Posted by gazjjohnson on 30 May, 2012

Last Friday (25th May) I took my second trip of the week to London (having been at the Symplectic User Conference on Monday).  This time it was the gentle stroll from St Pancras to the British Library Conference Centre to participate in the first JISC/BL DataCite workshop.  Billed as an introduction to data citation and DataCite, this seemed an ideal follow up to the Research Data Management Forum event in Southampton back in March.  As the role of the LRA Manager migrates to look increasingly at how we will manage, share and curate research data outputs as well as publications it was the sort of thing that I felt I really needed.

Data Citation

Following the house keeping and welcome from the BL’s Lee-Ann Coleman and JISC’s Simon Hodson (owner of the finest waxed moustache I’ve seen in many a moon), Lee-Ann kicked off with an overview of Data Citation; what it is and why is it important.  The fact that there is an expectation from the RCUK that research data will be shared, to assist in validation of research conducted by their funded investigators, is perhaps the most major driver.  At the same HEIs want oversight on their research outputs, and as such the curation of their organisations data resource is important to them for building on earlier work and enabling collaborative research to organically evolve.  Given that many academics in adjoining offices are often unaware of what colleagues are producing, increasing this transparency and accessibility to a rich, queriable and reusable research resource is believed to be of value in not only progressing collaboration but enabling genuine novel research from preexisting work.
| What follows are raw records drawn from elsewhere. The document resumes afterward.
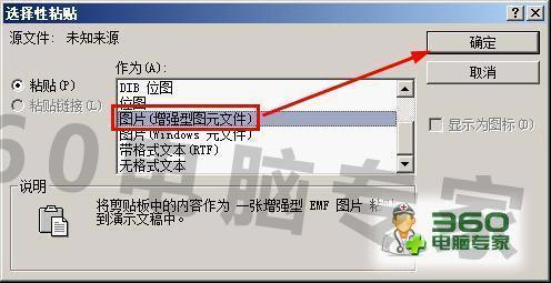 打开了选来自择性粘贴对话框,我们选择【图片(增强型图元文件)】,然后点击确定按钮,这样就可以将文字转化为格式了。
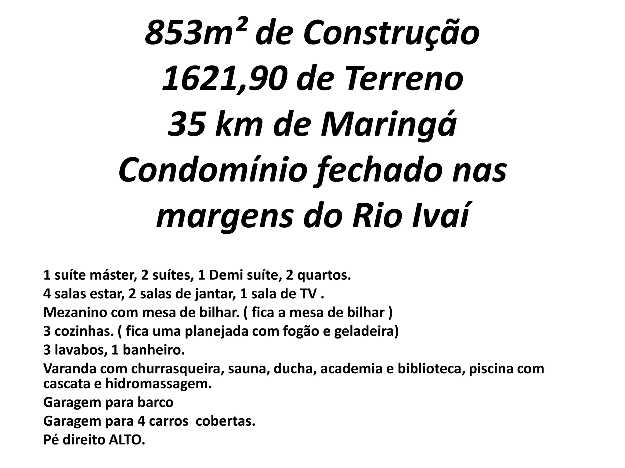 Uma casa de 853m2 construídos e 1621,90m2 de terreno a 35km de Maringá, com suítes, quartos, salas de estar e jantar, mezanino com mesa de bilhar, 3 cozinhas, lavabos, banheiro, varanda com churrasqueira, sauna, academia, biblioteca e piscina com cascata e hidromassagem. Inclui também garagem para barco e para 4 carros.
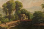 American Victorian carved gilt framed oil painting of man with 3 cows and dog by dirt road and bridge.
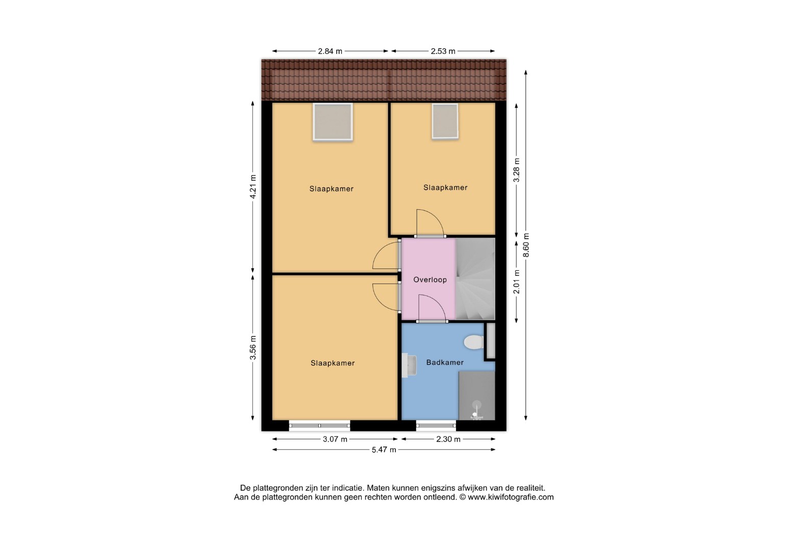 Op de eerste verdieping bevinden zich drie slaapkamers en de badkamer:
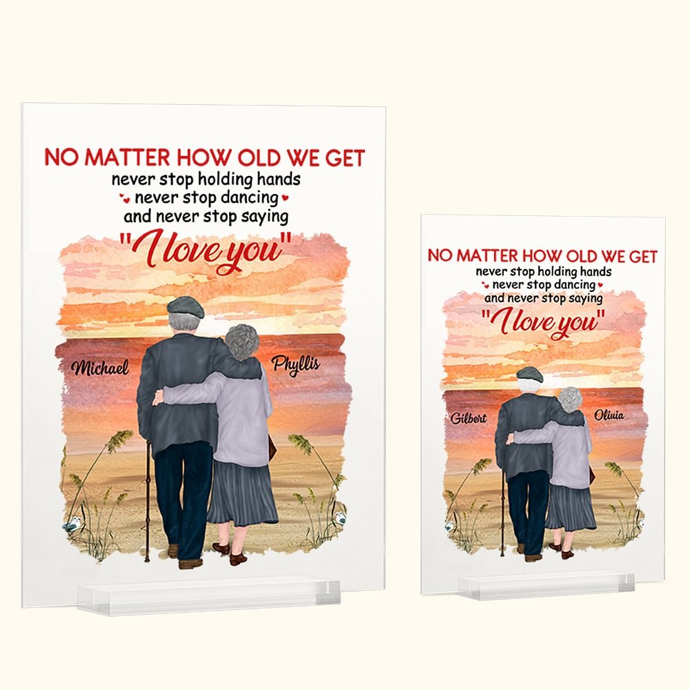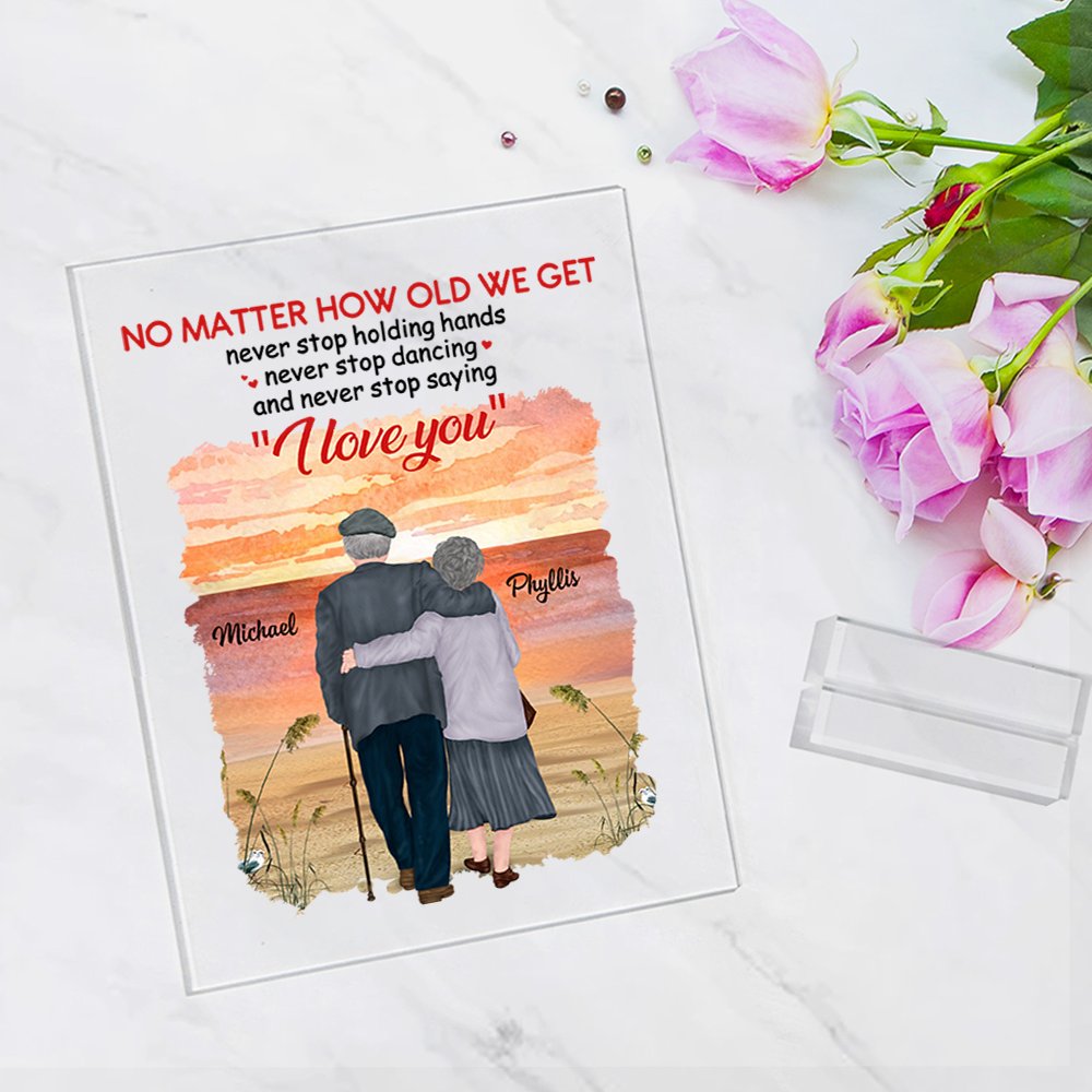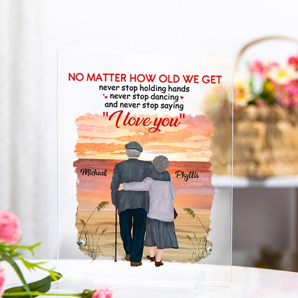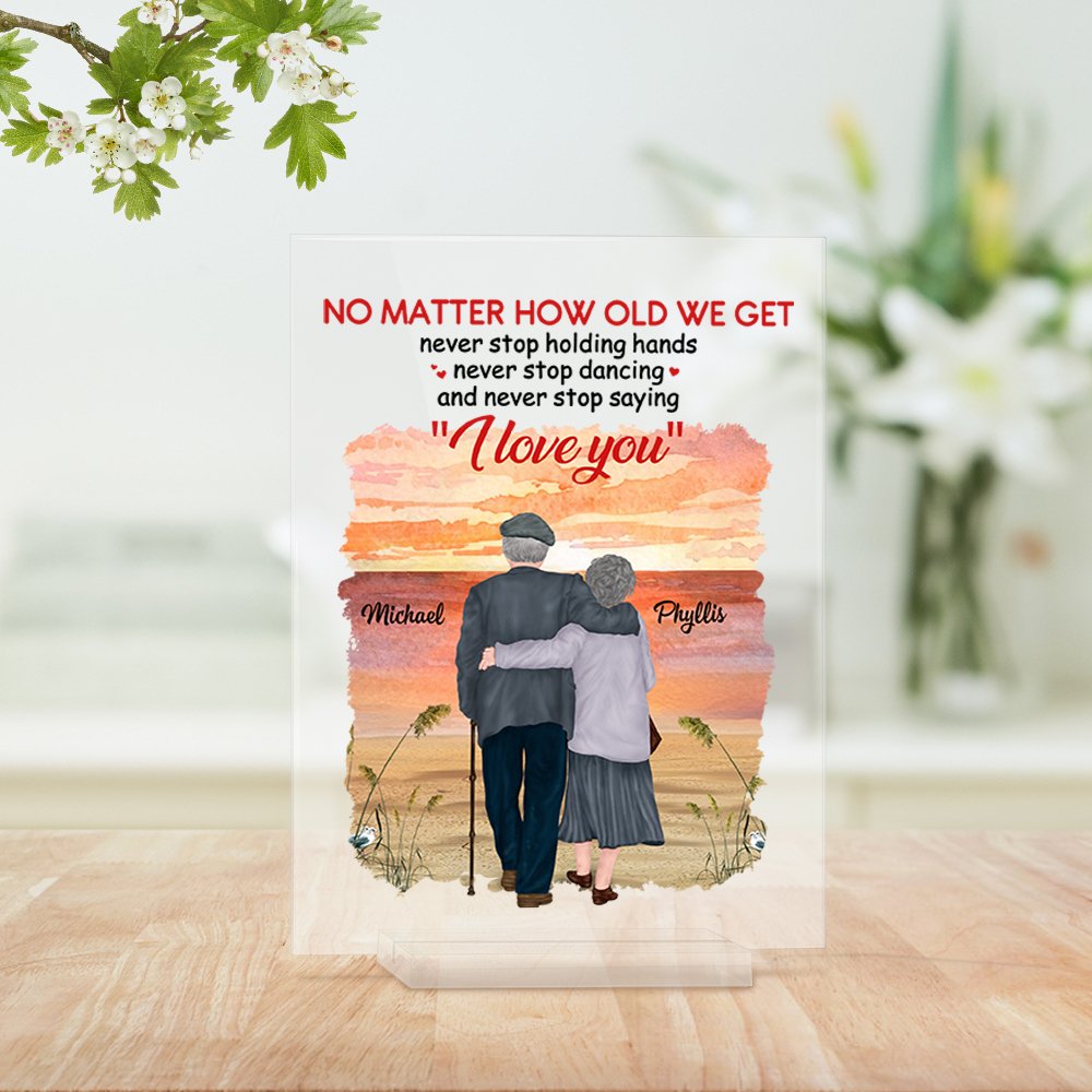 Akryylinen koriste on yksilöllinen vanhan pariskunnan selkäpuolella, voit muokata nimeä, kampauksia ja pukeutumistyyliä, luoda ainutlaatuisen kohtauksen rakkauden runolla, joka ilmaisee rakkautesi perheenjäsenellesi.

Lee-Ann cited some examples included the importance of data sharing in speeding up the sequencing and generation of a vaccine for the African strain of Avian flu.  Her other examples were also in the STEM field which slightly concerned me, given that two-thirds of research here at Leicester is in disciplines outside this domain; whom in my experience often need a greater assistance in capturing and sharing technological resource.  Lee-Ann stressed that one question that needed to be addressed by HEIs was what is critical/worthy data to curate?  A microbiologist might see all the raw data output from an instrument as worthy of this, and yet for many other people it would be the processed data given context and analysis that would be of value.

What is DataCite?

Next  up was Elizabeth Newbold (British Library) who gave an overview of what is DataCite.  Founded in 2009 it is a registration agency, effectively an allocating agent for DOIs (which I had never realised are based on the Handle system that I use daily in the LRA).  However, it was made very plain that DataCite does not work directly with researchers, they are expected to deposit their data (in whatever way possible) to an appririate data centre, and then come to DataCite to “mint” a DOI.  Minting of DOIs was new phrase for me, but clearly one that I can see slipping into my regular conversations about this subject here at Leicester.

It was noted that the UK Data Archive had a strong definition of what was data (termed data collections) as groups of all outputs from a single project source.  Commented that other data centres across the country were working along similar lines and methodologies.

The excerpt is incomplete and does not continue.